- EXERCISE:
From the listing below, reproduce exactly the lines starting with the one with "Mijn handgeschreven samenvatting" and going on through the one with "ちいさなエントツをデザインした、ステンドグラスのフラワーベースです", both ends kept. No picture is copied.

- DATASET SECTION:
*** Block opens ***
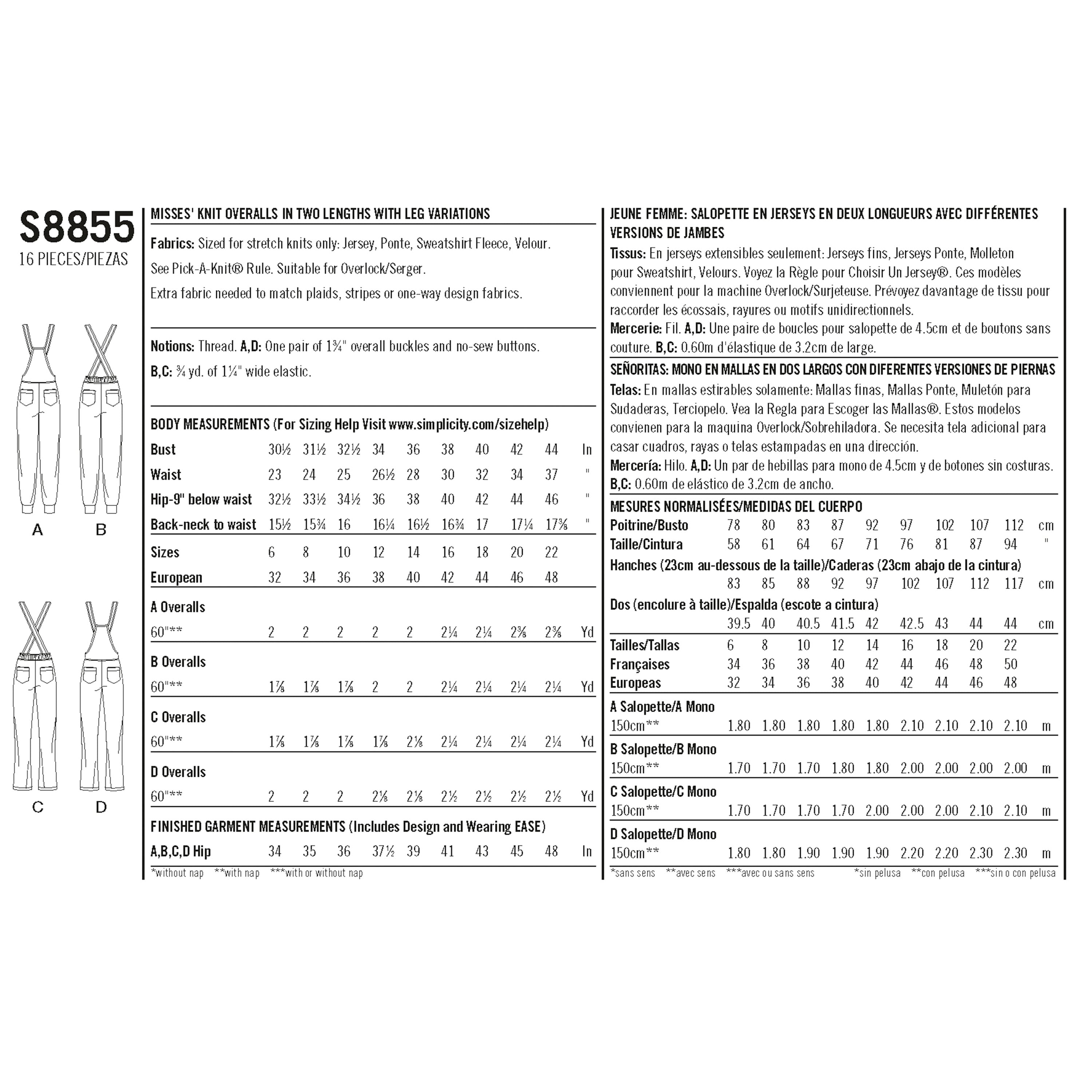 Simplicity Sewing Pattern S8855 - Misses' Knit Overalls
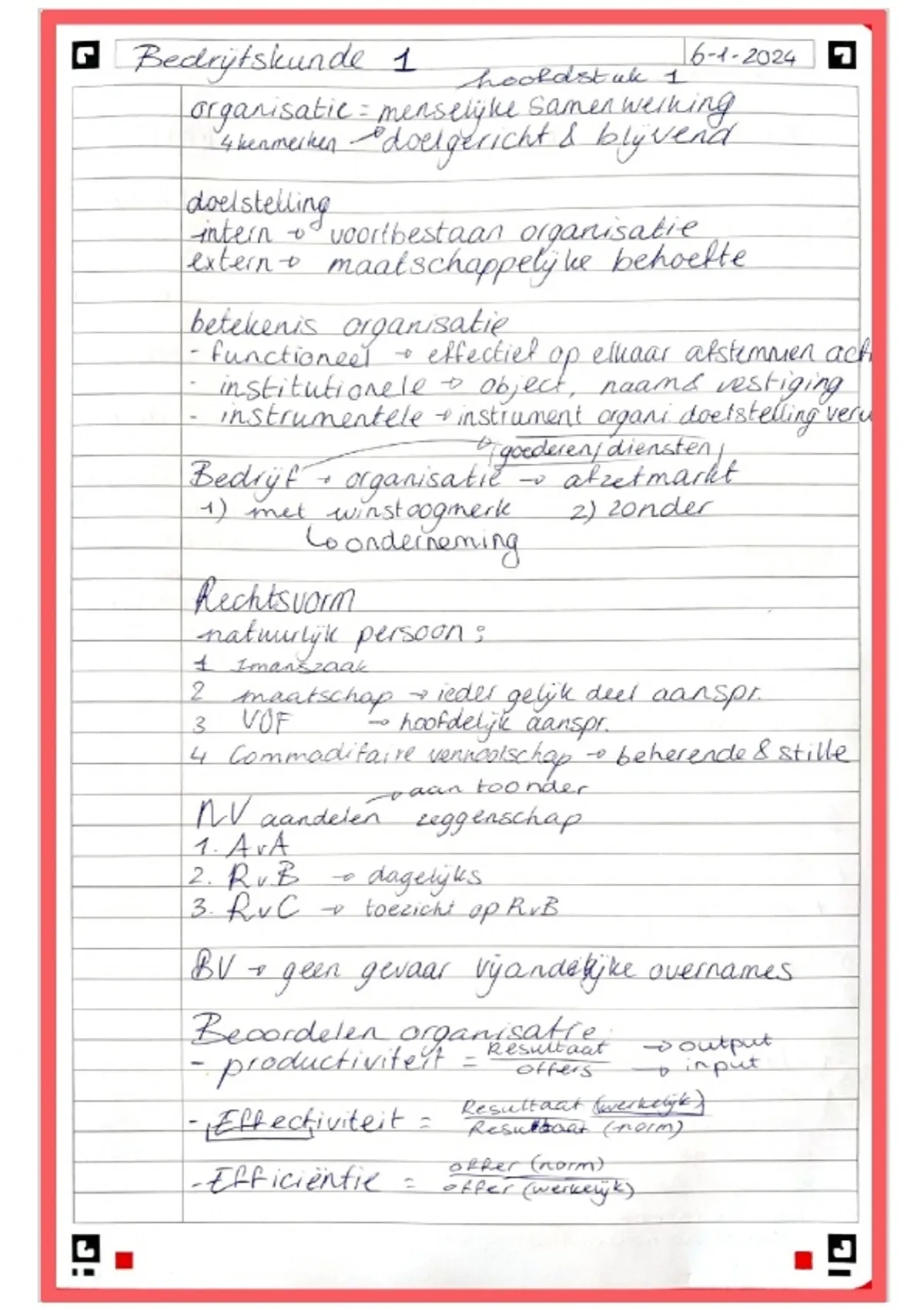 Mijn handgeschreven samenvatting zorgt voor overzicht en duidelijke opsommingen. De lastigste onderwerpen heb ik nog een keer achter in de samenvatting staan. Deze zijn goed om voor het leren punt voor punt af te gaan, kun je ze uitleggen? Van wie is het model etc.
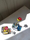 ちいさなエントツをデザインした、ステンドグラスのフラワーベースです
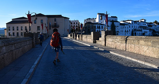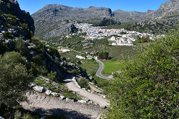 On quitte la piste pour un beau sentier confidentiel qui monte vers un col sans nom. Descente confortable sur une ancienne voie dallée qui, de lacets en lacets, nous mène à Cortes de la Frontera. Arrêt habituel à l'épicerie, au bar pour les bocadillos et le plein d'eau. Pause casse croûte à la curieuse Casa de la Piedra.
*** Block closes ***
- RESPONSE TO THE TASK:
 Mijn handgeschreven samenvatting zorgt voor overzicht en duidelijke opsommingen. De lastigste onderwerpen heb ik nog een keer achter in de samenvatting staan. Deze zijn goed om voor het leren punt voor punt af te gaan, kun je ze uitleggen? Van wie is het model etc.
 ちいさなエントツをデザインした、ステンドグラスのフラワーベースです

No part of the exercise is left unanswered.